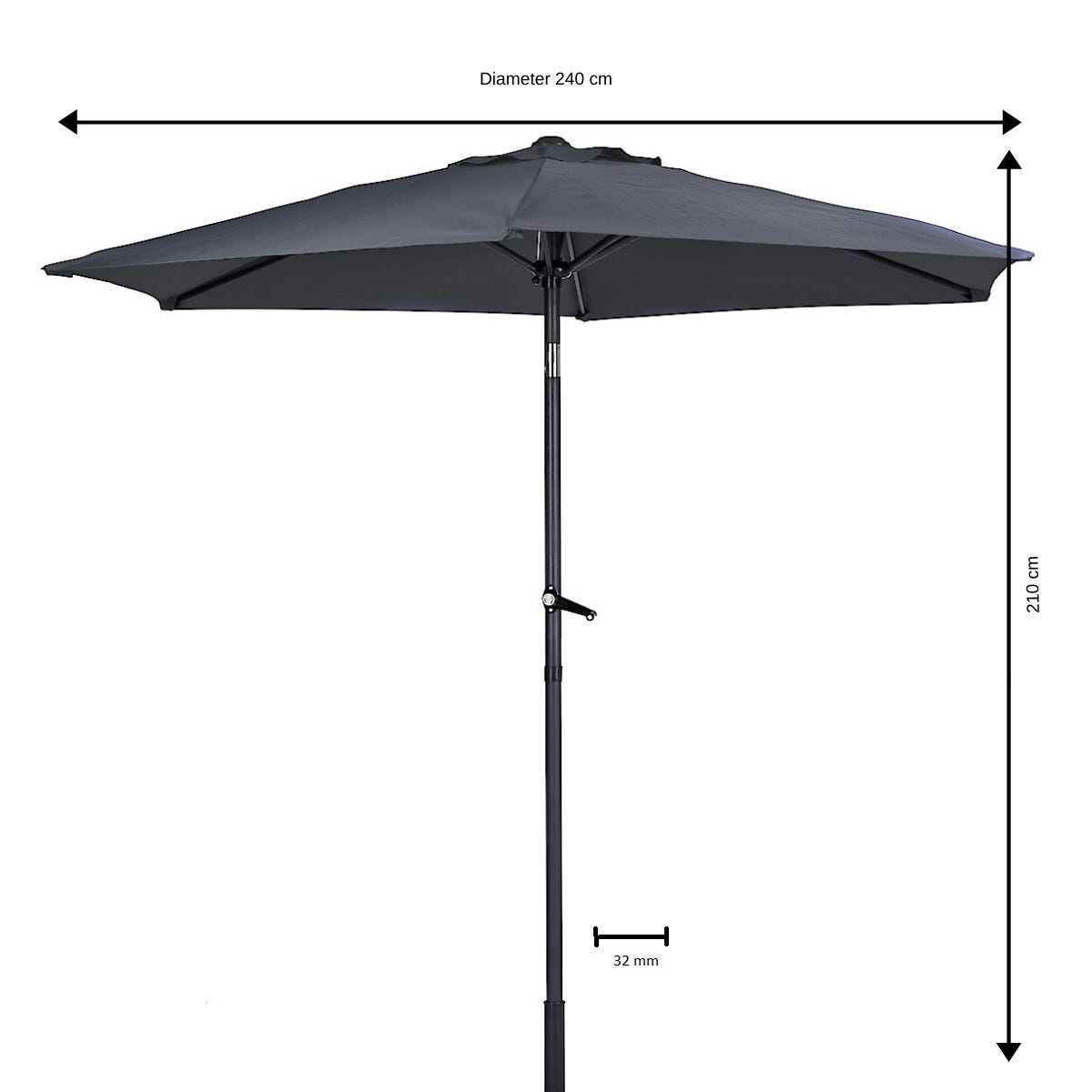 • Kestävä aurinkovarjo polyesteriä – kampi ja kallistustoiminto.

* * * *

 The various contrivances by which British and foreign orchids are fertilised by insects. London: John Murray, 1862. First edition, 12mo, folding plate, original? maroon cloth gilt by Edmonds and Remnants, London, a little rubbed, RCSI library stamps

* * * *

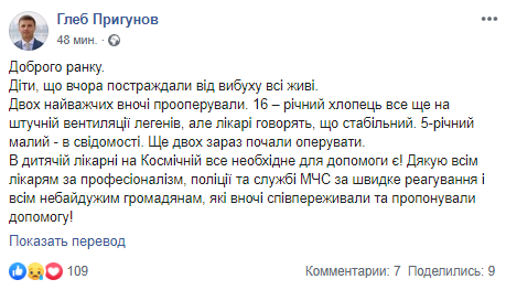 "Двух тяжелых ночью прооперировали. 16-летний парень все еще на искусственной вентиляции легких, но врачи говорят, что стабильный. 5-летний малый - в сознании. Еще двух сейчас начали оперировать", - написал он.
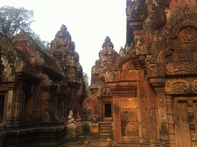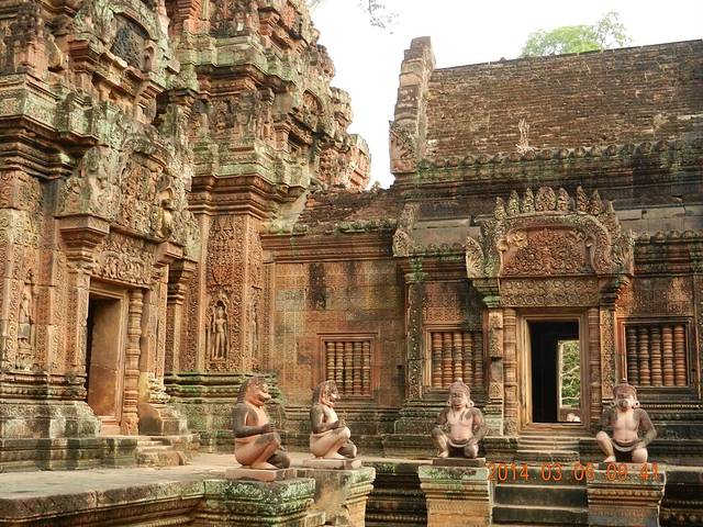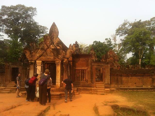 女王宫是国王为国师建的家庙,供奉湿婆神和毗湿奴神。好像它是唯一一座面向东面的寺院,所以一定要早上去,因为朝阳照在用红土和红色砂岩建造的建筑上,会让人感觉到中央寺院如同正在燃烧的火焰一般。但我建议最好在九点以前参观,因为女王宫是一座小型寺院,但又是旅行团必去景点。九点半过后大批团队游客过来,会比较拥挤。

* * * *

» **ASSIGNMENT**
All that is wanted is the lines above between the one containing "- написал он." and the one containing "女王宫是国王为国师建的家庙,供奉湿婆神和", inclusive, restated word for word, with pictures omitted.

» **RESPONSE**
 "Двух тяжелых ночью прооперировали. 16-летний парень все еще на искусственной вентиляции легких, но врачи говорят, что стабильный. 5-летний малый - в сознании. Еще двух сейчас начали оперировать", - написал он.
 女王宫是国王为国师建的家庙,供奉湿婆神和毗湿奴神。好像它是唯一一座面向东面的寺院,所以一定要早上去,因为朝阳照在用红土和红色砂岩建造的建筑上,会让人感觉到中央寺院如同正在燃烧的火焰一般。但我建议最好在九点以前参观,因为女王宫是一座小型寺院,但又是旅行团必去景点。九点半过后大批团队游客过来,会比较拥挤。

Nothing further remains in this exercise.